Companies using this technology include Google, IBM, Intel, Quantum Circuits, DWave, and Rigetti.
Ion trap qubits: require lasers to cool atoms close to absolute zero
This approach uses one of the electrons in an ion (of calcium, for instance) to create a qubit in two states, defined either by the electron’s orbital state or its interaction with the atom’s nucleus. The ions are suspended and moved around in free space using electric and magnetic fields, which makes them easy to isolate from interference, giving them considerable stability. They were the first type of qubit to be studied more than two decades ago and there are now prototype systems with up to 20 qubits in use. On the downside, the qubits have to be held in ultra-high vacuums to prevent them interacting with other atoms, and they need to be kept cool and controlled by sophisticated lasers. Optimal operating temperatures are below a thousandth of a degree Celsius above absolute zero.
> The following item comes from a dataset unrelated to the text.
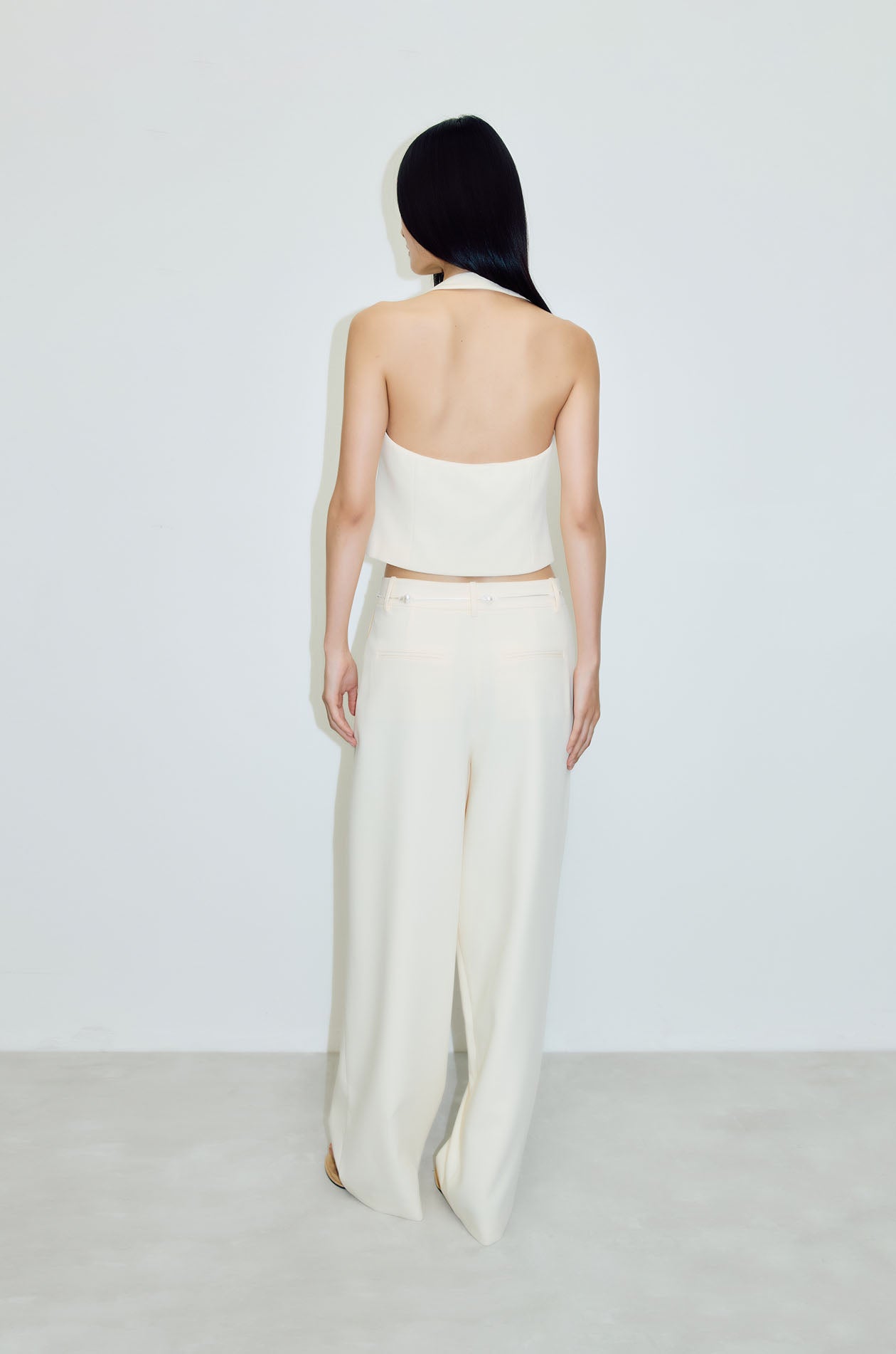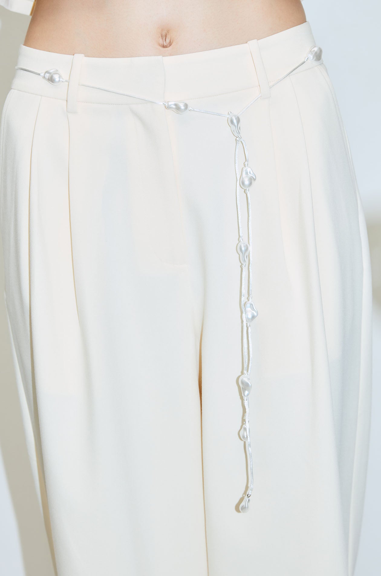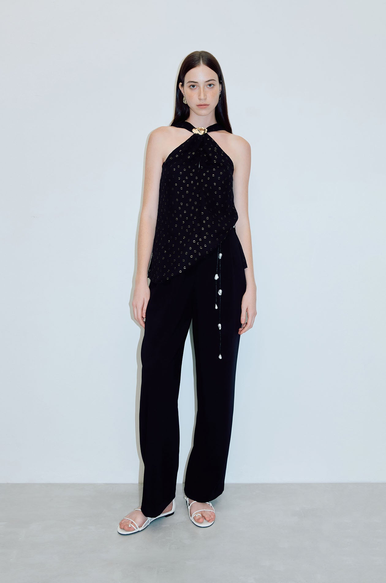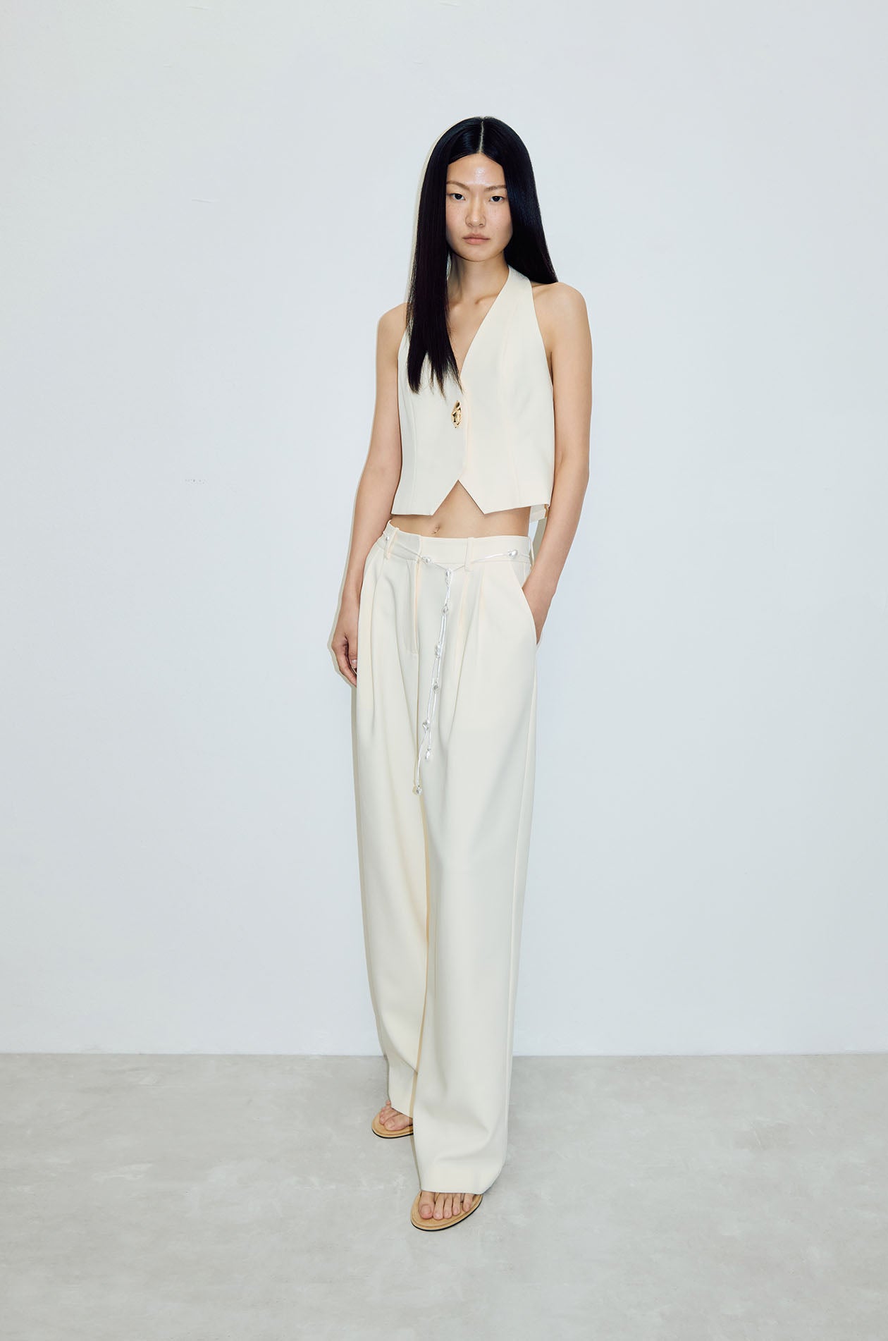 Jaspal Edit x Pacharee | Mid-rise pants crafted from terry rayon. Designed with loose straight legs, detailed with gentle pleats for added fluidity. Finished with a rope belt accented by subtle gold-tone hardware. Available in black and light yellow.

The main company using this approach is IonQ.
Topological qubits: require near absolute zero temperatures
These qubits are typically made from thin wires or sheets of a semiconductor coupled to a superconducting circuit to produce exotic states of matter known as Majorana fermions. Such a qubit has not yet been demonstrated, but it is predicted that they will be far more immune to errors than other types, which is their main advantage. Like superconducting qubits, however, topological qubits need to be cooled to temperatures around one-tenth of a degree above absolute zero.
Microsoft is the main company investing in this technology.
Timeline of the development of silicon CMOS quantum computing
1994: Peter Shor from Bell Labs (USA) shows that a quantum computer would be able to decrypt Public Key Encrypted codes (at the heart of modern secure communications) exponentially faster than today’s supercomputers. This triggers massive interest in quantum computing worldwide, mainly from government agencies.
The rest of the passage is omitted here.